We called in mid-August. Sears Home scheduled a visit. Parts shipment and robo-call reschedules marked delays. A repairer visited near a month after the first call. We thought of the need to replace instead of reuse.

We missed laundry! We had near three weeks with no dryer.

With a threat of paying $500 to reuse, we decided to replace. A new dryer for twice the price could come in a week. They may recycle the Kenmore’s corpse

We sought a refund for the delayed and botched repair. We called both Sears and Visa. (F45 grumbles: we’re tumbled and dried from the tedious effort.)

Ah, well: it’s another machinery week.
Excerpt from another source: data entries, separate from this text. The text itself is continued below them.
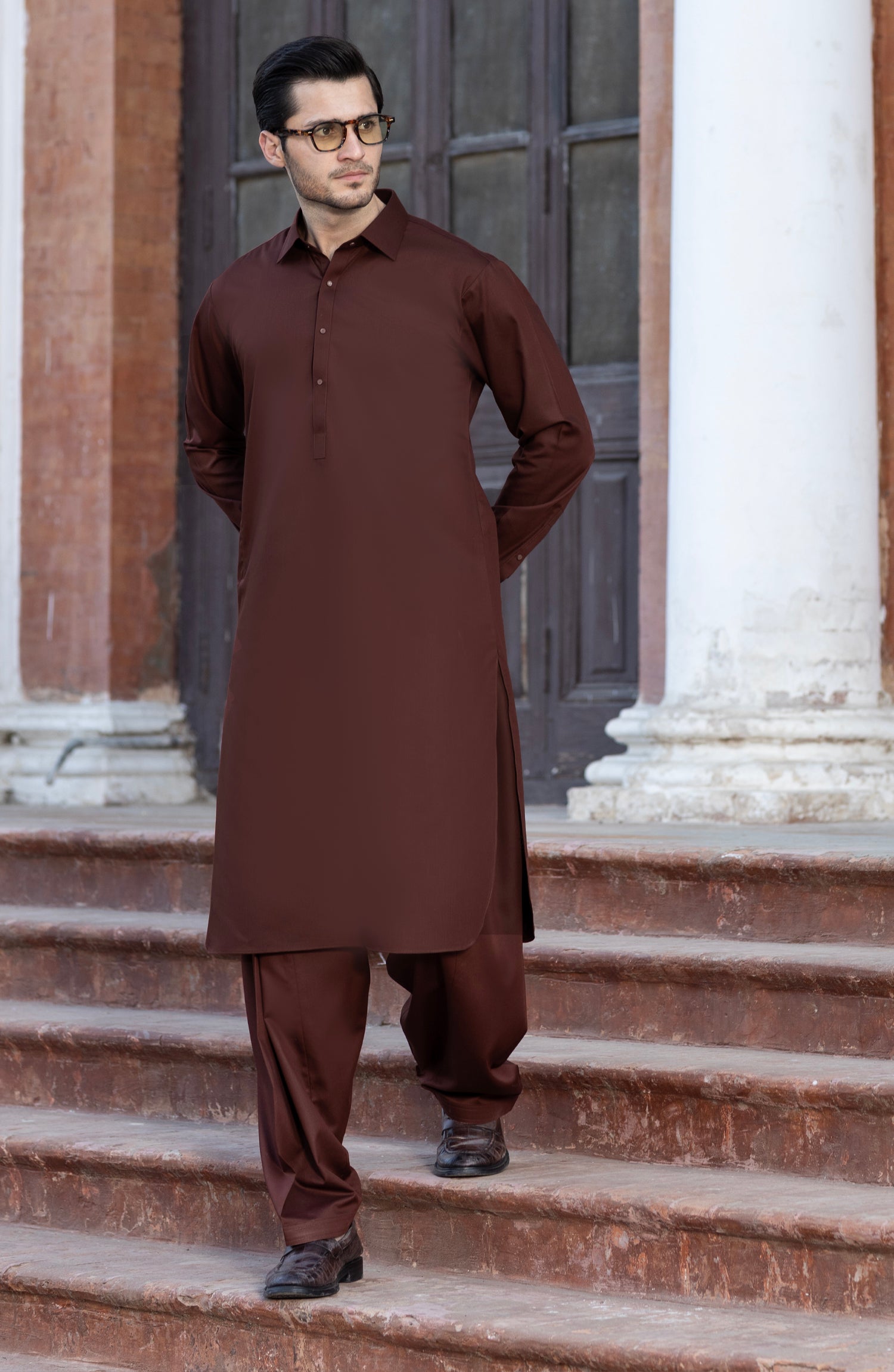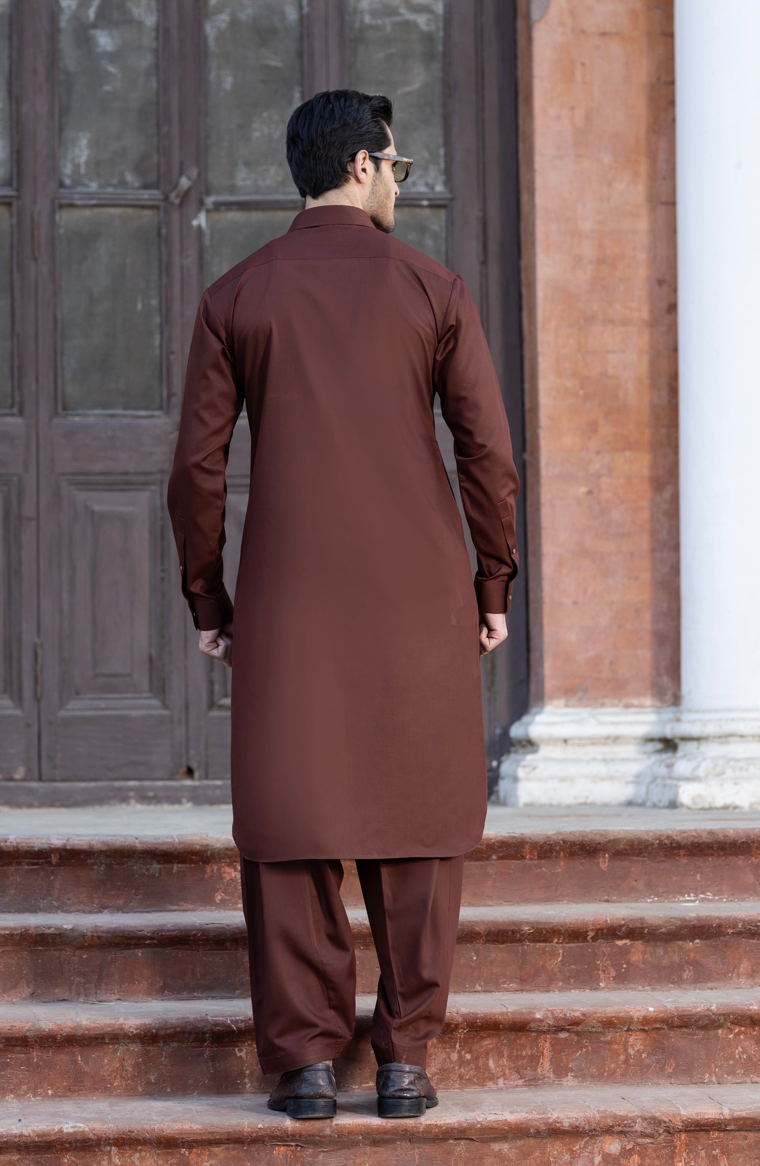 BRICK BROWN BLENDED KAMEEZ SHALWAR
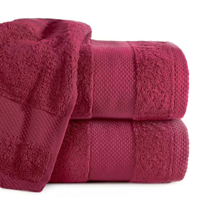 Ręcznik kąpielowy 70x140 cm bawełniany kolor amarantowy z żakardową bordiurą w stylu eko 500 g/m2 LORITA
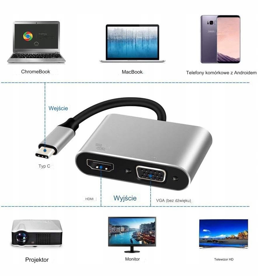 Адаптер універсальний, він працюватиме з багатьма системами, оснащеними входом USB Type-C, зокрема: Комп’ютери Chromebook, Macbook, смартфони з Android, які забезпечують швидку та плавну передачу зображення та звуку через порт HDMI у якості 4K/30 Гц і передачу зображення 1080p через порт VGA.
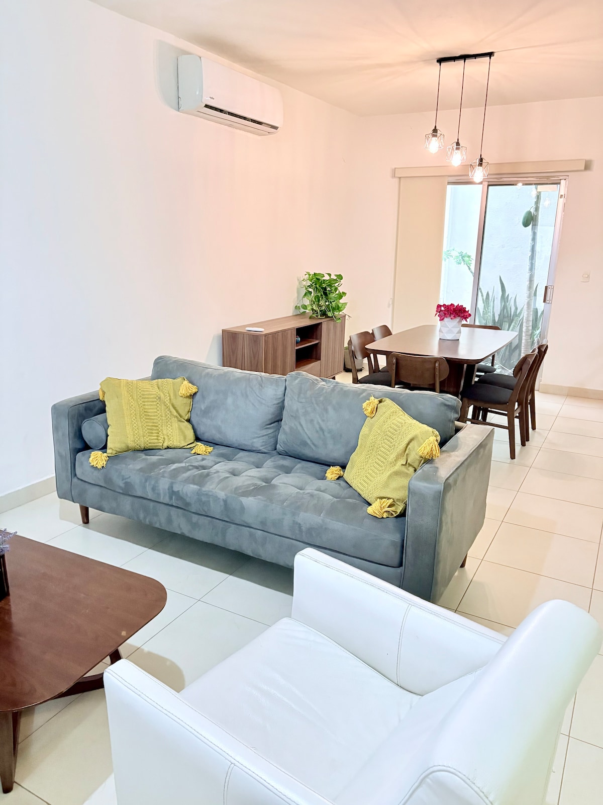 Este elegante y moderno alojamiento es ideal para viajes cortos o de larga estancia ubicado en una residencia protegida 24 Hrs. por caseta de seguridad sin riesgos. Ubicación muy céntrica , lugar muy lindo y tranquilo que te permite relajarte y descansar en paz, recién construido con entrada totalmente independiente, espacios muy amplios, terraza, juegos y mesa de jardín, sin problemas de agua, hermosas vistas hacia la sierra, ideal para negocios, conciertos o viajes en familia.
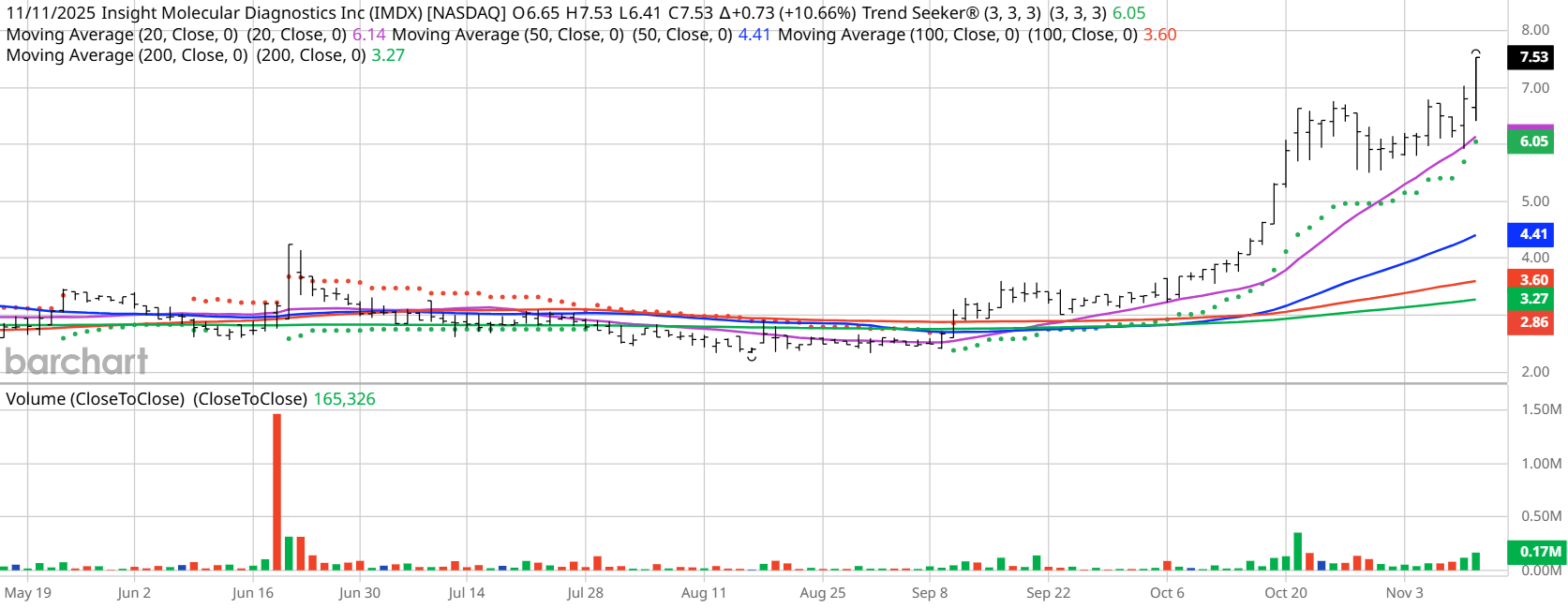 Barchart Technical Indicators for Insight Molecular Diagnostics
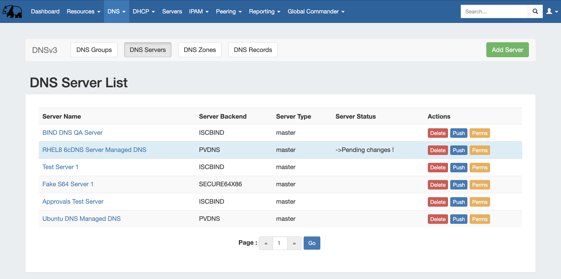 - Managing DNS Servers: The DNS Servers page
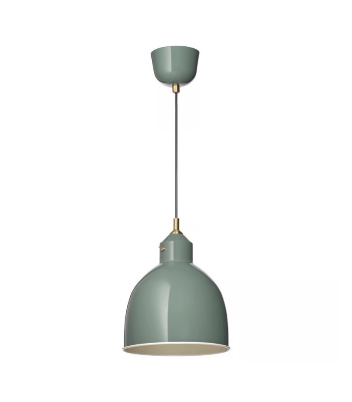 چراغ آویز ایکیا مدل RÖDFLIK با رنگ سبز خاکستری، طراحی صنعتی، قطر ۲۸ سانتیمتر، جنس فولاد با پوشش پودری و کابل ۱.۸ متری. مناسب برای آشپزخانه و میز ناهارخوری. خرید محصولات اصل ایکیا از فروشگاه ایکیا جم.
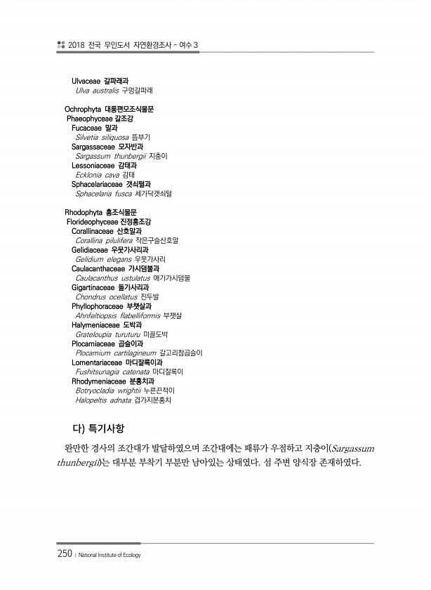 2018 전국 무인도서 자연환경조사 여수 3 250 ? National Institute of Ecology Ulvaceae 갈파래과 Ulva australis 구멍갈파래 Ochrophyta 대롱편모조식물문 Phaeophyceae 갈조강 Fucaceae 말과 Silvetia siliquosa 뜸부기 Sargassaceae 모자반과 Sargassum thunbergii 지충이 Lessoniaceae 감태과 Ecklonia cava 감태 Sphacelariaceae 갯쇠털과 Sphacelaria fusca 세가닥갯쇠털 Rhodophyta 홍조식물문 Florideophyceae 진정홍조강 Corallinaceae 산호말과 Corallina pilulifera 작은구슬산호말 Gelidiaceae 우뭇가사리과 Gel...

The day before the new dryer, comes a diagnosis for a new craft ice maker for our fridge. The ice maker, not all that old, had been making grumbles too. It quit putting out. A new ice maker will put out big balls, in time to celebrate a new dryer.

No, not a dry martini. A good ol’ couple reg’lar cocktails on the back porch under the starlit sky. Monsoon’s about over. The last batch of hummingbird food’s in the feeders.

Let Kenmore wither. Our menu options have changed.